Several people have written to inform me that Charlie Rangel’s draft proposal is merely a ploy to make war supporters squirm. Well, if it’s a ploy, then Rangel is playing with fire, because there are plenty of liberals out there who have rushed to defend his proposal on egalitarian grounds – and there are plenty of right-wingers who will be happy to read those arguments back to the libs when the Pentagon finally decides it needs more fodder than it can hoodwink into voluntarily enlisting.
Moreover, unless Rangel is simply a liar, it’s not a ploy:
“There’s no question in my mind that this president and this administration would never have invaded Iraq … if, indeed, we had a draft and members of Congress and the administration thought that their kids from their communities would be placed in harm’s way,” Rangel said Sunday.
Rangel floated the same idea in Congress two years ago, but ended up voting against his own bill, along with 401 other Congress members, when the measure came up just before the presidential election.

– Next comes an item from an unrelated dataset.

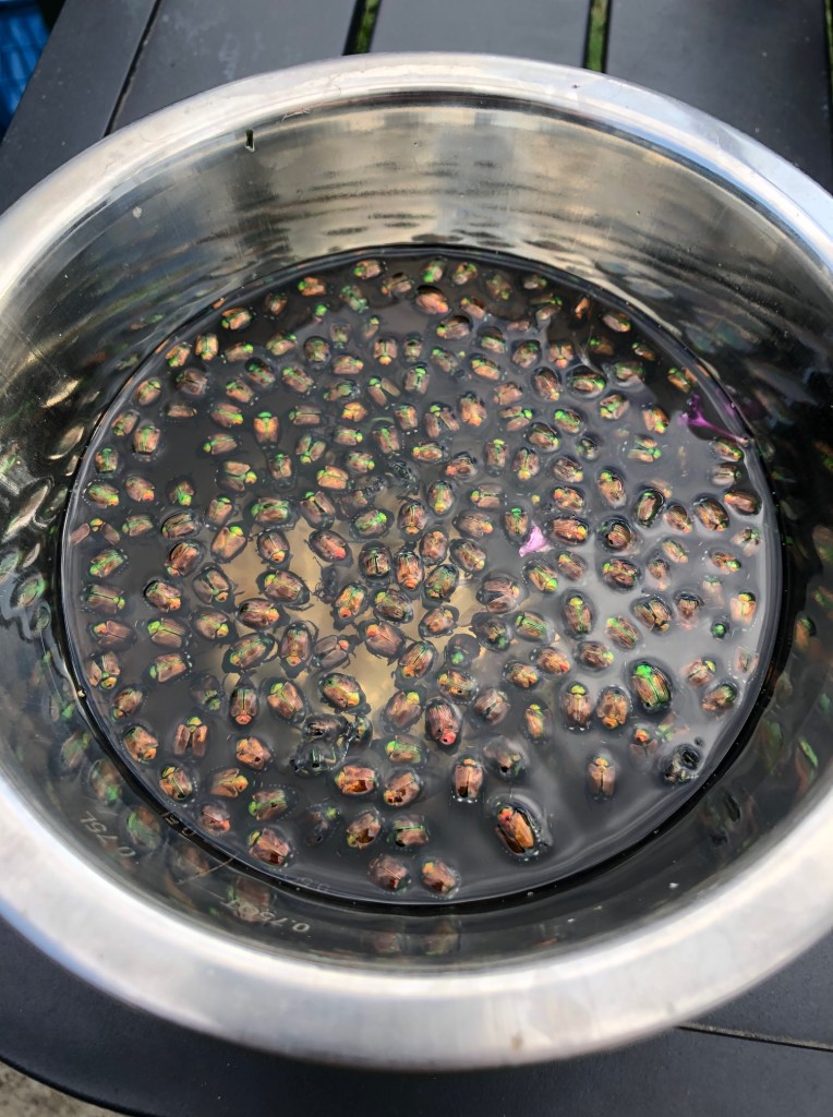 I mentioned several posts back about my battle with the dreaded Japanese beetles. Every day, I go around the garden to do battle with the pests. I got out usually at least three times – once in the morning, once in the afternoon, and once in the evening, and I pick the beetles off my plants, and put them in this bowl of water, mixed with a little dish soap. I pick off about this many beetles almost every single day.

At the time, he accused Republicans of rushing it out as a stunt against Democrats instead of giving it a legitimate hearing.
But the soon-to-be chairman of the House Ways and Means Committee said Sunday a draft bill will be no stunt this time, insisting he’s very serious about it.
“You bet your life; underscore serious,” Rangel said on CBS’ Face the Nation Sunday.
Fortunately, Rangel’s constituents, unlike sophisticated liberal know-it-alls, seem duly alarmed:
Along 125th Street in New York City on Sunday, Rangel’s draft plan was met mostly with derision.
“What, he was smoking pot or something?” said 58-year-old James Brown.
“He doesn’t represent the people of Harlem if he’s for the draft,” Neil Davis, 48, said.